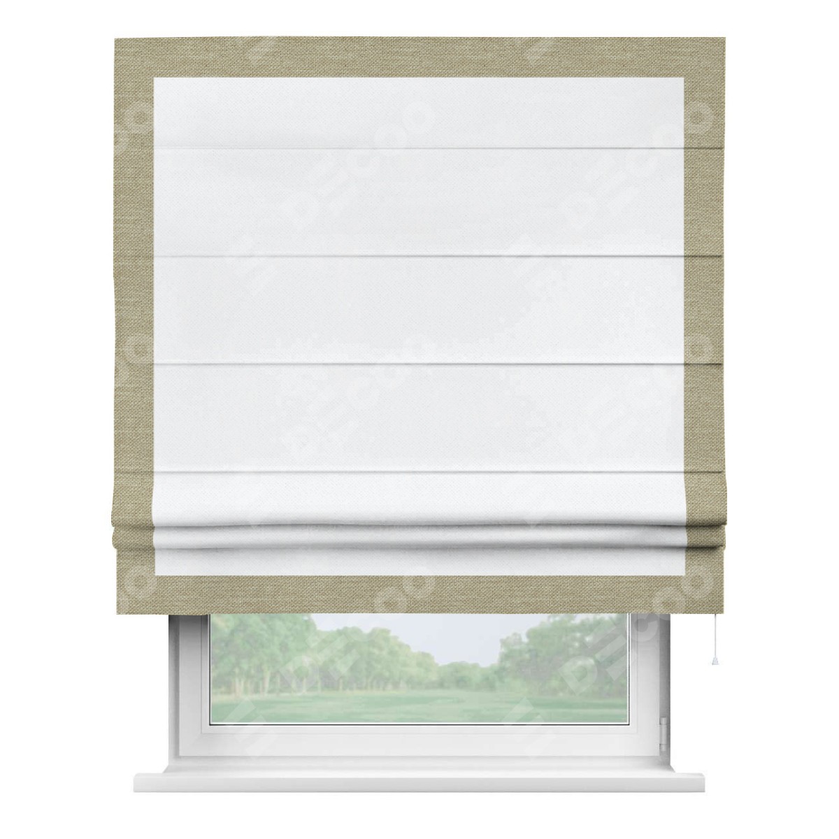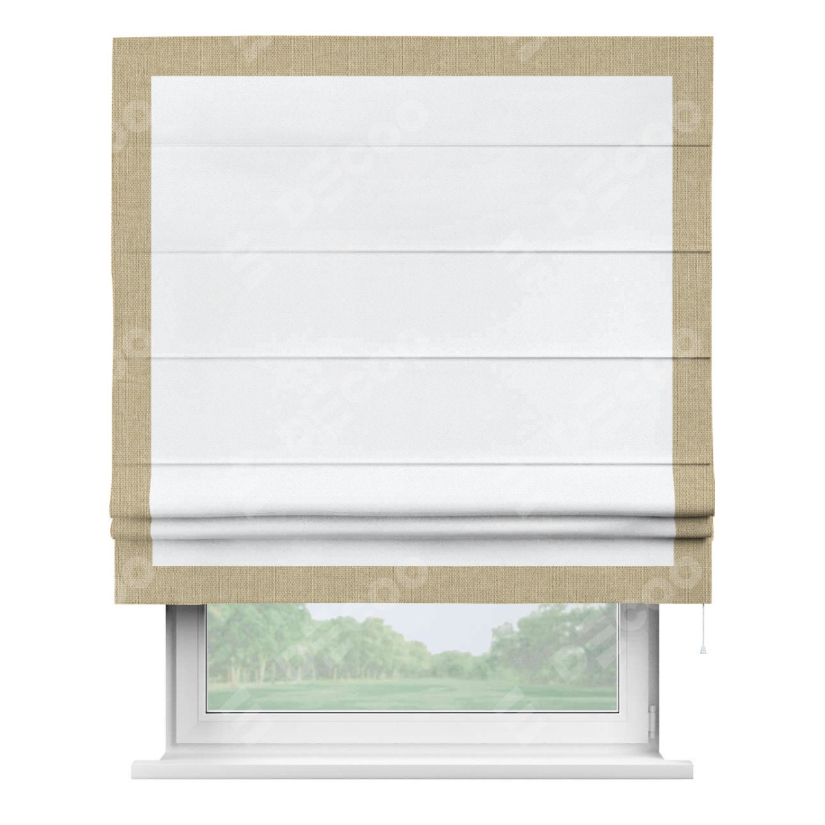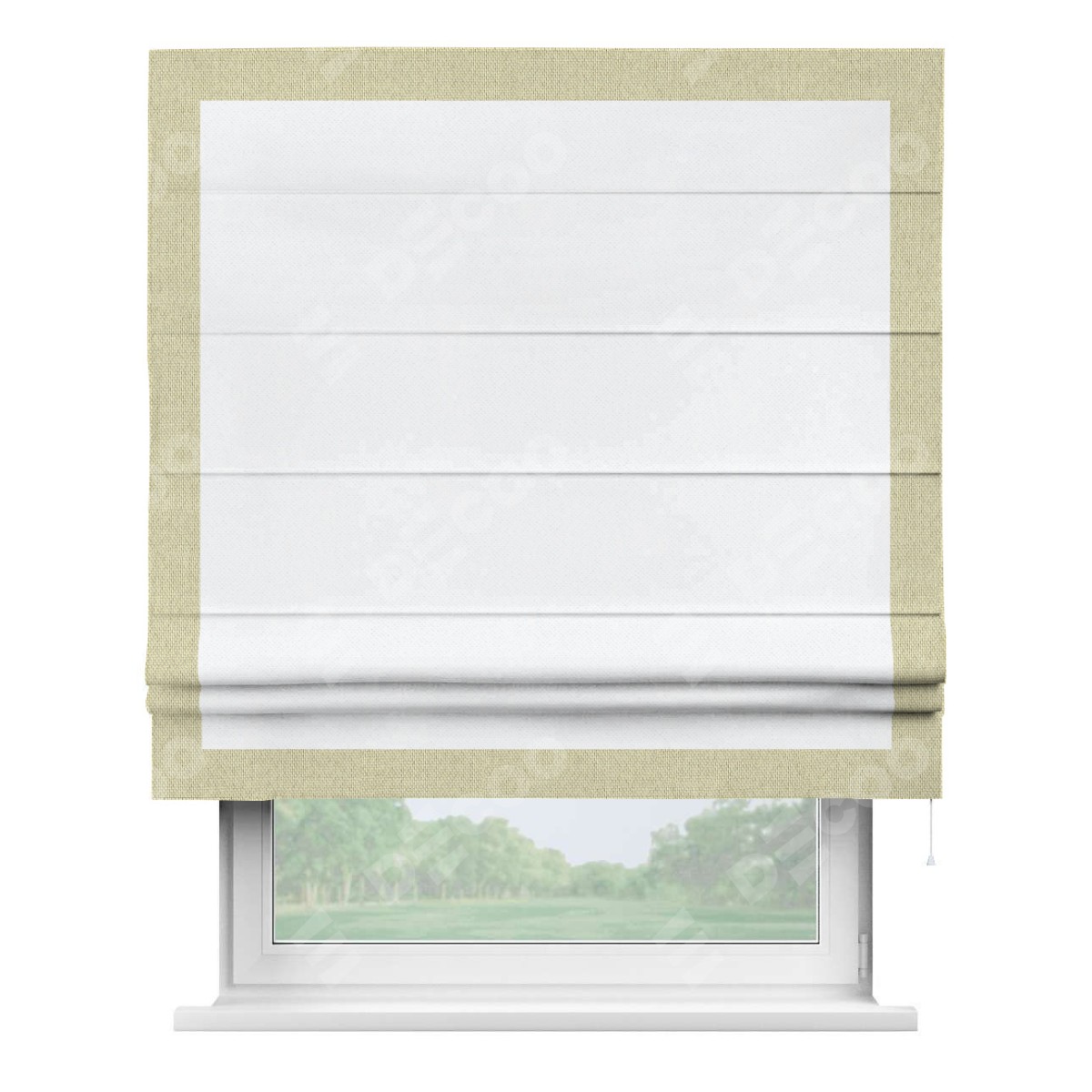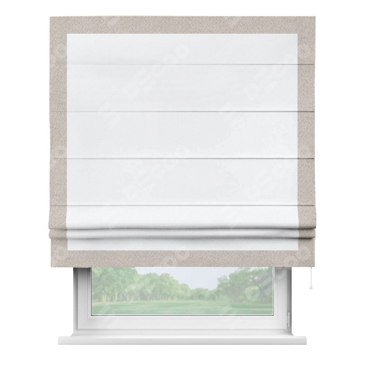 Римская штора «Кортин» для проема, лён димаут белый с кантом Чесс
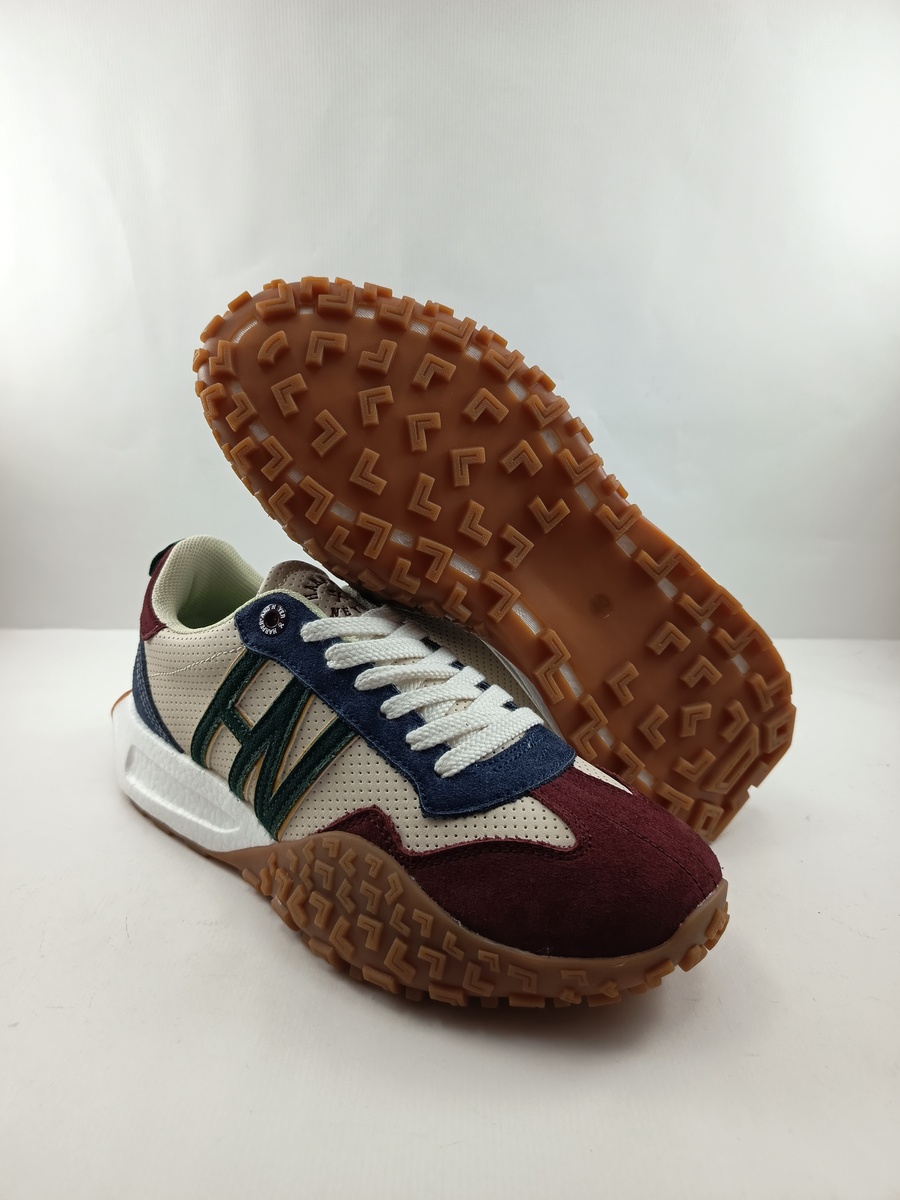 Semi-sport de piel multicolor con cierre de cordon y suela de goma, forro y plantilla textil.
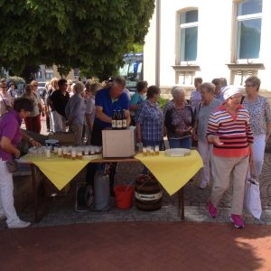 Nachdem die Barmstedter am Vormittag Bückeburg und das Schloss besichtigt hatten wurden sie auf dem Amtsplatz, neben dem Braumeister Kinkeldey, mit Bier aus dem Rodenberger Brauhaus begrüßt. Bürgermeister R. Sassmann und die Vorsitzenden der hiesigen Landfrauen M. Gellermann führten die Gäste in das Programm für den Nachmittag ein.
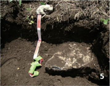 El objetivo del presente trabajo consistió en evaluar la fertilidad del suelo de seis parcelas y de un BMM en Santa María Chilchotla, Oaxaca, donde los mazatecos cultivan con mínima labranza, maíz criollo, frijol y café, no practican la quema de la vegetación original, hacen rotación periódica de parcelas, no fertilizan químicamente y el relieve consiste de laderas pedregosas con más de 30% de pendiente. La erosión hídrica se ve disminuida por las barreras naturales que forman las rocas blanquecinas y los tocones que quedan diseminados en las parcelas como helechos arborescentes y otras plantas que son útiles para los lugareños por ser comestibles o medicinales. Por lo antes expuesto los suelos someros y escasos nunca quedan desnudos como en otros sistemas agrícolas y la siembra se hace con una vara llamada coa o bien con puntas de metal (figs. 6 y 7).
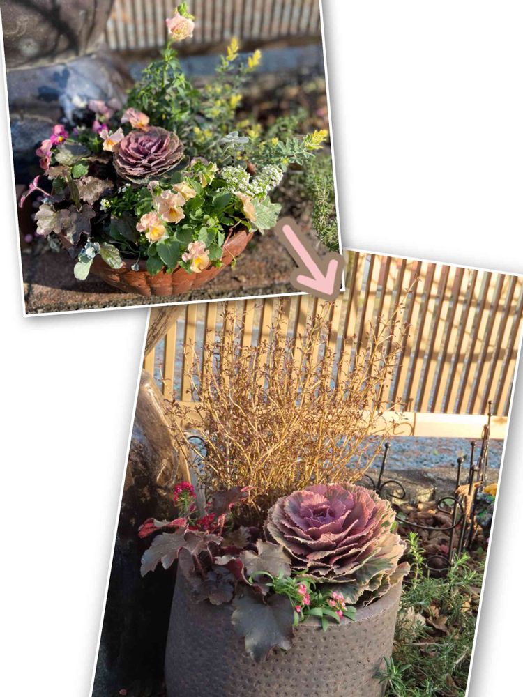 もとの寄せ植えはかわいい葉牡丹を一緒に買ってきて交換しました😊

□ □ □

» Task instructions: Return exactly the part of the listing above that opens with the line containing "Semi-sport de piel" and closes with the line containing "Nachdem die Barmstedter". Pictures stay out.

» Output:
 Semi-sport de piel multicolor con cierre de cordon y suela de goma, forro y plantilla textil.
 Nachdem die Barmstedter am Vormittag Bückeburg und das Schloss besichtigt hatten wurden sie auf dem Amtsplatz, neben dem Braumeister Kinkeldey, mit Bier aus dem Rodenberger Brauhaus begrüßt. Bürgermeister R. Sassmann und die Vorsitzenden der hiesigen Landfrauen M. Gellermann führten die Gäste in das Programm für den Nachmittag ein.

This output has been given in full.